Septiembre 01, 2017.- “Es imposible volver a Venezuela, fue muy triste dejar a mis cuatro hijos y a mis hermanos. Me vine porque quiero salir adelante; aquí como y me gano 30 mil pesos por día trabajado”, expresó Kelly Alazar, una venezolana de 48 años de edad, proveniente de Valencia (Carabobo), de donde huyó hace nueve meses junto a su pareja por causa de la crisis económica que se vive en su terruño.

Kelly renunció a su trabajo como instructora de panadería, en vista que su sueldo mensual no le alcanzaba para mantener a sus hijos. Preocupada por salir adelante, de manera improvisada emigró a Colombia, con el propósito de trabajar, ganar pesos y enviarle dinero a sus parientes.

El sueldo mínimo en el vecino país está fijado desde el 30 de diciembre de 2016 en 737.717 pesos, los cuales equivalen -al cambio que se maneja para este 30 de agosto en las casas de cambio en la frontera colombiana- a 3.688.585 bolívares.

“Por los doce años que trabajé en la panadería, me dieron 360 mil bolívares. Les dejé 60 mil bolívares para la comida a mis hijos. Cuando llegamos acá, al cambio esos 300 mil bolívares se convirtieron en nada -el equivalente a 63.000 pesos para diciembre del año pasado-. Ese mismo día me puse a vender chocolate, galletas y café”, relató la emigrante que evidenció como la liquidación tras más de una década de servicio en Venezuela es casi igual a lo que gana actualmente solo en dos días de trabajo en el departamento Norte de Santander.
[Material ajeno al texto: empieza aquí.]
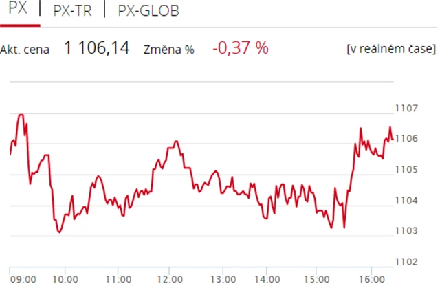 Pražská burza v úterý prohloubila ztrátu z pondělní seance, když index PX přišel o 0,37 % na 1 106,14 bodu. Dolů burzu stáhly finanční tituly, dařilo se naopak energetické skupině ČEZ. Objem obchodů byl s 412 miliony korun podprůměrný.

Fue así como la pareja -en estatus de indocumentada– alquiló una habitación en 5.000 pesos (25 mil bolívares para esta fecha), para sobrevivir en la población fronteriza, donde abunda el comercio informal y también el desempleo. Junto su esposo, Kelly ya no paga alquiler gracias a la ayuda de un párroco local quien les brindó alojamiento, suerte con la que no han contado otros venezolanos que duermen sobre cartones en las calles de la calurosa población fronteriza.

Kelly ofrecía su testimonio mientras cocinaba 150 kilos de arroz en la Casa de Paso Divina Providencia, situada en el Corregimiento La Parada, a un kilómetro y medio del Puente Internacional Simón Bolívar, donde presta  colaboración durante su tiempo libre.

Ahora, tras ayudar en la casa de paso, va a trabajar en una venta de arepas donde le pagan 30 mil pesos (Bs. 150.000 con el cambio a 0.20 bolívares por peso) por día, de manera logra enviar a sus hijos parte de sus ingresos, “a pesar de que en Venezuela ni teniendo el dinero se consigue la comida”.

El valor del bolívar cada día se precipita. La tasa a 0.20 se ha mantenido a lo largo de esta semana, con apenas una mínima variación, lo que significa una ventaja para los venezolanos que laboran en Colombia, ya que al convertir sus ganancias en bolívares, se traduce en más dinero que pueden enviar a sus familiares en Venezuela.

Sin embargo, a la vez esta misma tasa resulta perjudicial para los que sí residen en Venezuela y acuden a comprar artículos de la cesta básica en la frontera del país hermano, porque aunque lleven la misma cantidad de bolívares casi siempre, cada día les alcanza para adquirir menos productos.

Por ahora, Kelly es quien percibe ingresos por un empleo fijo, mientras que su compañero sentimental, quien se desempeñaba como técnico radiólogo en Valencia, no ha tenido con la fortuna de encontrar un trabajo que le genere salario constante.

La rutina para esta pareja comiza a las 5:00 de la mañana, cuando comienzan a prestar ayuda humanitaria, donde ayudan a proveer de alimento a 2 mil venezolanos diariamente.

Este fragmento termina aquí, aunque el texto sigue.